The Covid-19 pandemic has prompted lender-of-last-resort interventions and massive asset purchases by central banks. Such responses are all the more necessary since the transmission of monetary policy to the real economy is asymmetric. Evidence suggests that the effects of an expansionary monetary policy are more limited than those of a contractionary policy. One reason lies in the existence of downward bank lending rate rigidity.
The Covid-19 pandemic is causing the world’s worst recession since 1945. This has led to important fiscal measures as well as strong and prompt responses by central banks.
The European Central Bank (ECB) in particular has launched a large-scale stimulus package, including a new Pandemic Emergency Purchase Programme (PEPP), the extension and continuation of existing asset purchase programmes, the easing of conditions for targeted longer-term refinancing operations (TLTRO-III), and an unprecedented easing of collateral standards (Odendahl, Penalver and Szczerbowicz, 2020).
These measures aim to ensure that all sectors can benefit from favourable financing conditions to enable them to absorb the negative shock. The measures are essential given the context, but also because the effects of monetary policy are asymmetric. Indeed, economists consider that attempting to stimulate the economy with loose policy during a downturn is like “pushing on a string”, i.e. less effective than tightening monetary policy to keep the economy in check (Barnichon, Matthes and Sablik, 2017).

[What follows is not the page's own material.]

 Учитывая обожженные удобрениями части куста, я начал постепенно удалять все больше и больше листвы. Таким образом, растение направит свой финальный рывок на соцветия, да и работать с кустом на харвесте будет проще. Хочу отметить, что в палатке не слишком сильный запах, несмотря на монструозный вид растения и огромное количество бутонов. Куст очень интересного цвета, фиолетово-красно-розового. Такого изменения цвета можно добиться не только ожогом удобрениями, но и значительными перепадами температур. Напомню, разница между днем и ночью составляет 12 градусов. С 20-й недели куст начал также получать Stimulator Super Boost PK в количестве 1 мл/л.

This asymmetry can be due to downward price and wage rigidities, and to precautionary behaviour during a downturn. Moreover, credit rationing as interest rates rise makes monetary policy hikes more efficient than interest rate cuts.
Levieuge and Sahuc (2020) show that monetary policy asymmetry can also stem from downward bank lending rate rigidity: bank lending rates adjust more slowly and less completely to policy rate decreases than to increases. There are several explanations for this. First, banks may decrease their rates only if the benefits of doing so are greater than the inherent adjustment costs. Second, the banking market structure plays a role. Banks in concentrated markets are likely to refrain from lowering lending rates in order to increase or maintain their margins. This market power effect is reinforced by customer switching costs. Finally, according to a “reverse adverse selection”, lenders may be reluctant to cut lending rates because this is likely to attract high-risk credit.

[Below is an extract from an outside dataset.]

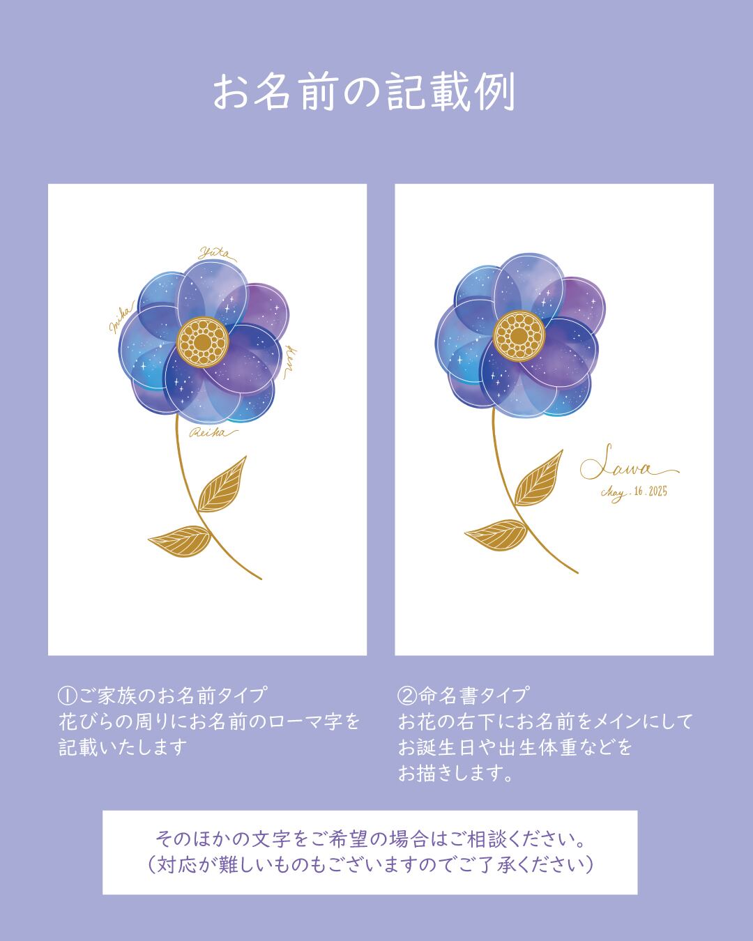 ・命名書タイプの場合:お名前のローマ字、お誕生日(生年月日)、その他体重、身長など

Chart 1 shows the year-on-year changes in Eonia and in bank lending rates to corporates and to households in the euro area over 1999-2012. The scatter points deviate significantly from the 45-degree line, with, in particular, responses of lending rates to negative changes in Eonia of well below one-on-one. Hence, lending rates respond less strongly to accommodative than to tightening monetary policies. This stylised fact is valid regardless of the period, including before the 2008 crisis.
By introducing such downward interest rate rigidities into a macroeconomic model of the euro area, Levieuge and Sahuc (2020) find that the initial response of GDP to a negative monetary policy shock is 25% lower than its response to a positive shock of a similar amplitude. It implies that a central bank would have to decrease its policy rate by 50% to 75% more to yield a medium-run impact on GDP that is symmetric to the impact of a positive shock.
Furthermore, Levieuge and Sahuc 2020 show that bank lending rates are even more downward rigid when policy rates are stuck at their effective lower bound. This can be due to frictions that are intrinsically related to banks’ business models, such as costly monitoring operations, high fixed operating costs, and premiums charged on loans. Moreover, as deposit rates rarely fall below zero (Heider, Saidi and Schepens, 2018), banks may be reluctant to further decrease their lending rates, for profitability purposes.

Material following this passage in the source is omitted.